Der Ausdruck der Sorge hatte wohl in seinem Gesicht gestanden, denn plötzlich begann Josie zu lächeln und zu nicken.
In seiner Brust löste sich etwas und er hatte das Gefühl endlich wieder richtig durchatmen zu können.
Er stützte sich an den Balken, der am Eingang stand.
"Chris, wir haben etwas gefunden. Dort geht es aus dem Wald raus und da steht das Schloss," erleichtert atmeten sie beide aus.
"Wir müssen uns beeilen. Ich weiß nicht wie lange er noch durchhält," in seiner Stimmr schwebte Panik mit, aber Josie nickte.
Die beiden betraten das Zelt, in dem bereits Patricia stand und Dinge einpackte.
"Josephine, kümmerst du dich um Levin? Dann packen Chris und ich hier alles andere zusammen," diese nickten und räusperte sich: "Und nenn mich nicht Josephine."
Die Angesprochene schüttelte nur den Kopf und Chris grinste.
Schweigend machten sie sich an die Arbeit.
Die kurzzeitige Freude, die ihn durchfahren hatte, ließ nach und machte wieder Platz für die Kälte.

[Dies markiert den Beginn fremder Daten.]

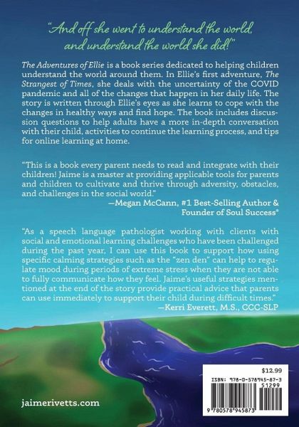 "And off she went to understand the world, and understand the world she did!" The Adventures of Ellie is a book series dedicated to helping children understand the world around them. In Ellie's first adventure, The Strangest of Times, she deals with the uncertainty of the COVID pandemic and all of the changes that happen in her daily life. The story is written through Ellie's eyes as she learns to cope with the changes in healthy ways and find hope. The book includes discussion questions to help adults have a more in-depth conversation with their child, activities to continue the learning process, and tips for online learning at home.
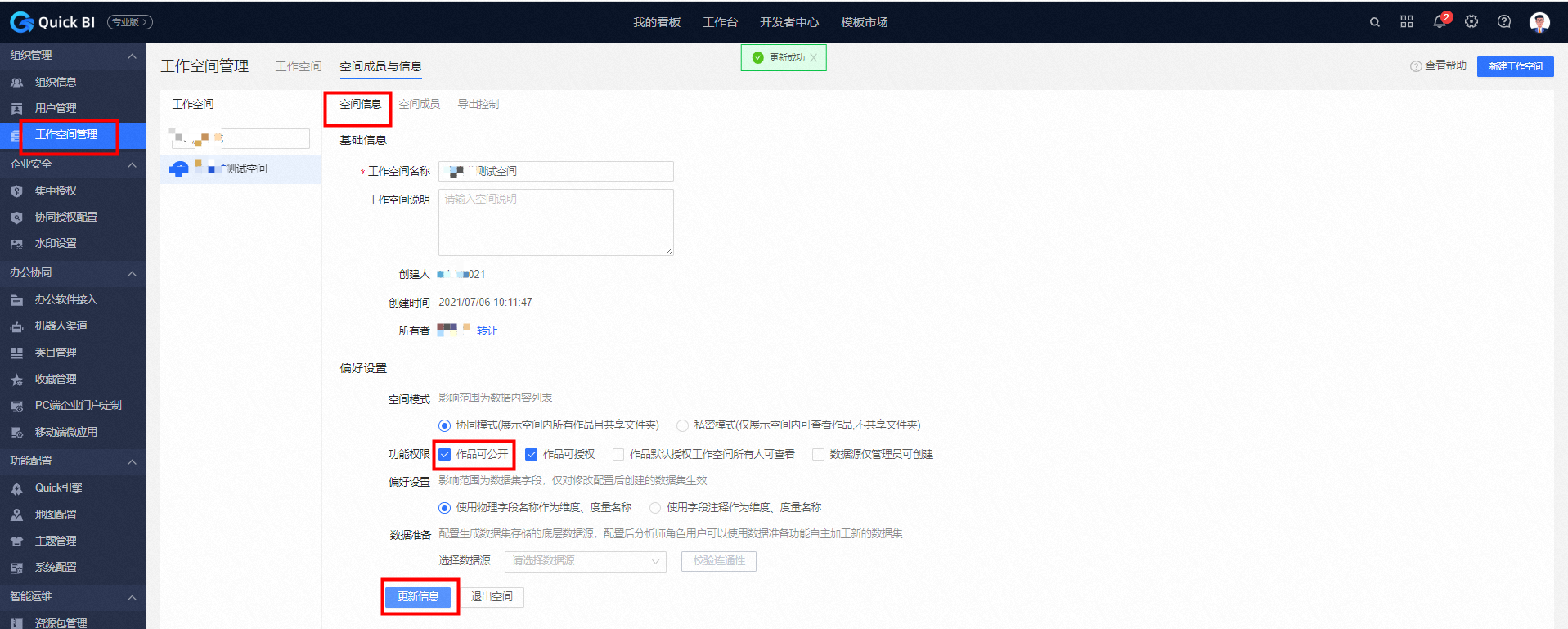 在工作空间管理中,空间信息设置中勾选功能权限的“作品可公开”,然后点击‘更新信息’按钮即可。
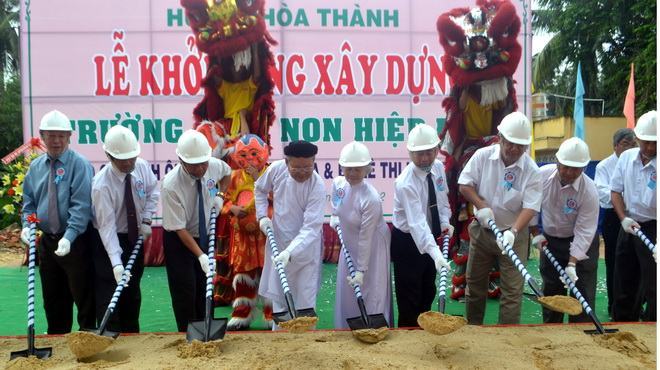 Ngày 12-7, UBND huyện Hòa Thành (Tây Ninh) tổ chức lễ khởi công xây dựng Trường mầm non Hiệp Định, tại cơ sở Trường tiểu học Lê Thị Hồng Gấm (cũ). Đây là ngôi trường do gia đình ông Đặng Hữu Nghĩa và bà Lê Thị Hảo tài trợ.

Was, wenn sie es nicht schaffen würden?
Es hing so viel daran.
"Patricia, Chris, ich kriege ihn nicht hoch, kann einer von euch mir hefen?" Josies Stimme klang bittend, fast flehend.
Er nickte sofort, was war das für eine Frage?
Patricia war der gleichen Meinung und nickte ihnen zu: "Chris, Josephine, bringt ihn raus, dann kann ich auch alles andere hier deutlich beschleunigen."
Sie nickten.
Jeder von ihnen legte sich einen Arm über die Schulter und hoben ihn an.
Eigentlich war es mehr Chris der ihn trug.
Er war schon groß, aber Levin überragte sie alle.
Insbesondere Josie war winzig gegenüber ihm und konnte nicht viel tun, außer ihn an der Hüfte unterstützend zu tragen.
Chris spürte seine Körperwärme.
Er glühte.
Draussen hatte Josie bereits eine Trage bereit gelegt, auf der sie den Jungen nun vorsichtig ablegten.
Mehr als ein leises Stöhnen gab er nicht von sich.
Besorgt blickte sie auf ihn hinab.
Sie musste hoffen, sie konnten es schaffen.
Der Wald schien kein Ende zu nehmen.
Unendlich viele Bäume reihten sich aneinander.
Sie hatten kein Wort miteinander gesprochen, seit sie aufgebrochen waren.
Schweigend gingen sie hintereinander.
Josie hatte sich daran gemacht, sich um Levin zu kümmern.
Doch die frische Luft schien ihm gut zu tun.
Er atmete viel freier als davor und seine Brust hob und senkte sich ein wenig gleichmäßiger als noch Stunden zuvor.
Das ließ sie etwas durchatmen.
Er lebte noch und solange das der Fall war, konnten sie weiterhin etwas für ihn tun.
"Wir sind da," Patricias Stimme von Anfang des Zuges ließ ihn aufschauen.
Am Liebsten hätte er aufgeschrien vor Freude.
Ein großes mittelalterliches Schloss erhob sich über einem dunklen See.
Sie hatten es geschafft, dass musste die Schule sein, von der seine Schwestern geprochenen hatten.